### What to produce
Copy the closing run of lines, from the one with "有名メゾンのアイテムも手がけ" through the last line of the listing, exactly and without any pictures.

----------

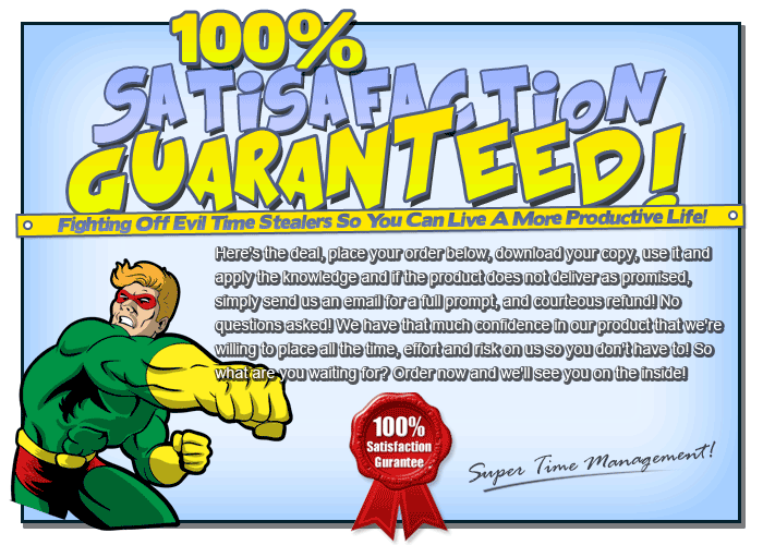 You see having some or part of the pieces of the puzzle is just as good as having none of them. Without complete knowledge you're only kicking yourself and wasting both your time and money. Super Time Management puts you on the right track to starting your business. Learn to walk before you run and I can guarantee you'll do very well!
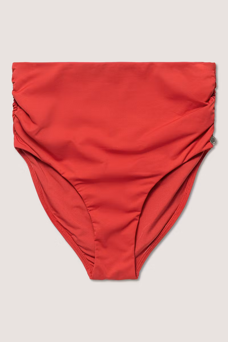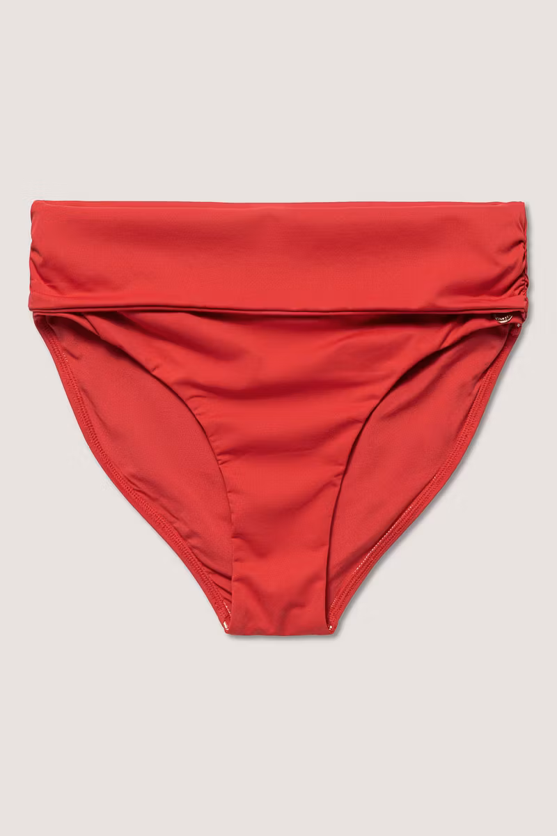 Bikinitrosa i en härlig röd färg. Trosa med vikbar kant. Den vikbara kanten är mjuk och elastisk vilket gör trosan fördelaktig för figuren. Bär den uppvikt för en högre modell eller vik ner kanten för en lägre trosa.
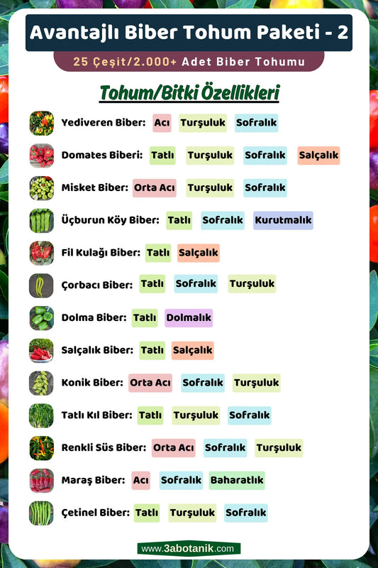 Avantajlı Biber Tohum Paketi-2, Toplam 25 Çeşit Biber Tohumu, Takribi 2.000 Adet Biber Tohumu
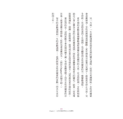 要記得的是,這段波動不會長期持續不滅,等到身體習慣了沒有女性荷爾蒙的存在後,就會逐漸平緩停歇,症狀也會逐漸消失。(將於Chapter5詳細介紹。)
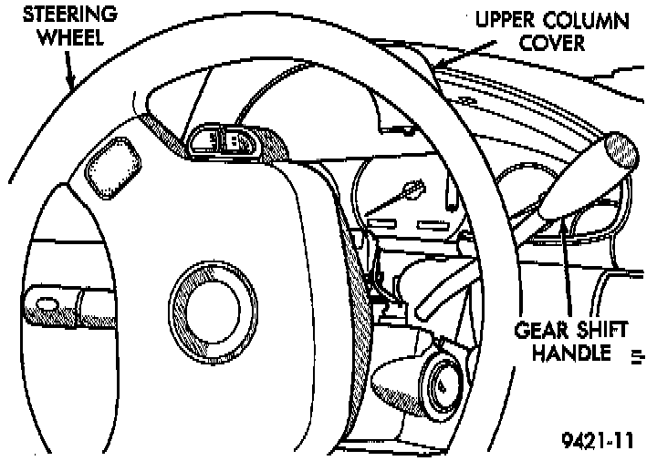 11. Shift the transaxle lever to park. Move the steering column to full tilt downward. Put the column shifter in park with key removed.
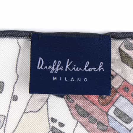 有名メゾンのアイテムも手がけるファクトリーで作られるスカーフには、美しさに定評のあるプリント、手縫いで繊細に仕上げられたパイピングなどにその一端を見ることができ、モダンなデザインとイタリアの伝統的な職人技術の融合を十分にご堪能いただける逸品です。
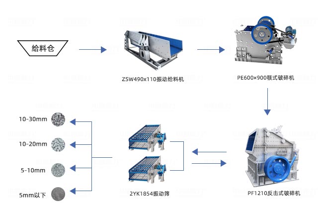 每小時200噸的石子生產需求,要考慮原料硬度、程度、成品需求等因素,在不同工藝配置方案下,生產的成品料不同、投入費用也不同,以下介紹幾種不同的工藝流程和破碎方案。
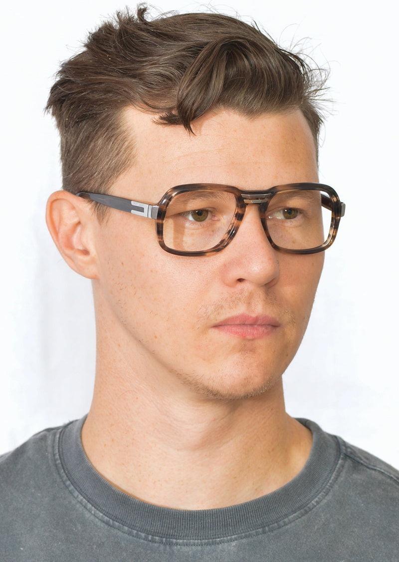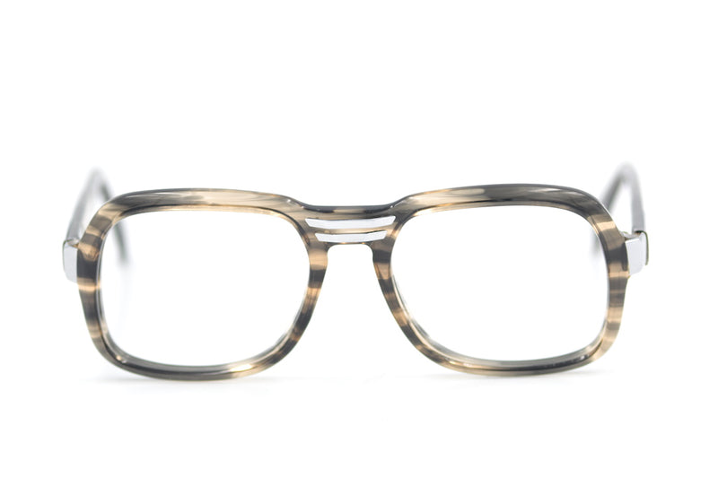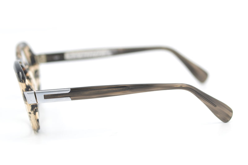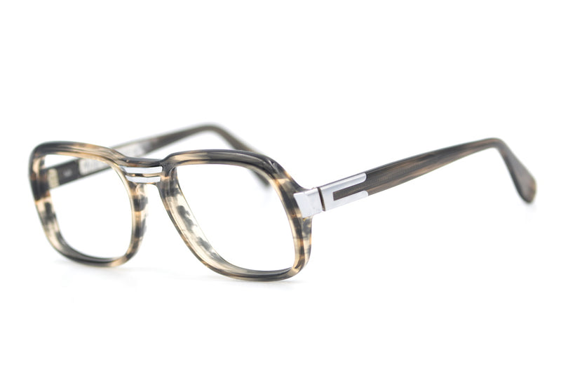 New old stock vintage Metzler glasses from the 70s. Metzler 3527 is a wonderful example of the masculine frames manufactured in the 70s. Strong and durable, the bold acetate features a wonderful smoked effect. Silver metal detail features on the bridge and temporal sides, adding interest to this fabulous vintage frame.

----------

### Exercise output
 有名メゾンのアイテムも手がけるファクトリーで作られるスカーフには、美しさに定評のあるプリント、手縫いで繊細に仕上げられたパイピングなどにその一端を見ることができ、モダンなデザインとイタリアの伝統的な職人技術の融合を十分にご堪能いただける逸品です。
 每小時200噸的石子生產需求,要考慮原料硬度、程度、成品需求等因素,在不同工藝配置方案下,生產的成品料不同、投入費用也不同,以下介紹幾種不同的工藝流程和破碎方案。
 New old stock vintage Metzler glasses from the 70s. Metzler 3527 is a wonderful example of the masculine frames manufactured in the 70s. Strong and durable, the bold acetate features a wonderful smoked effect. Silver metal detail features on the bridge and temporal sides, adding interest to this fabulous vintage frame.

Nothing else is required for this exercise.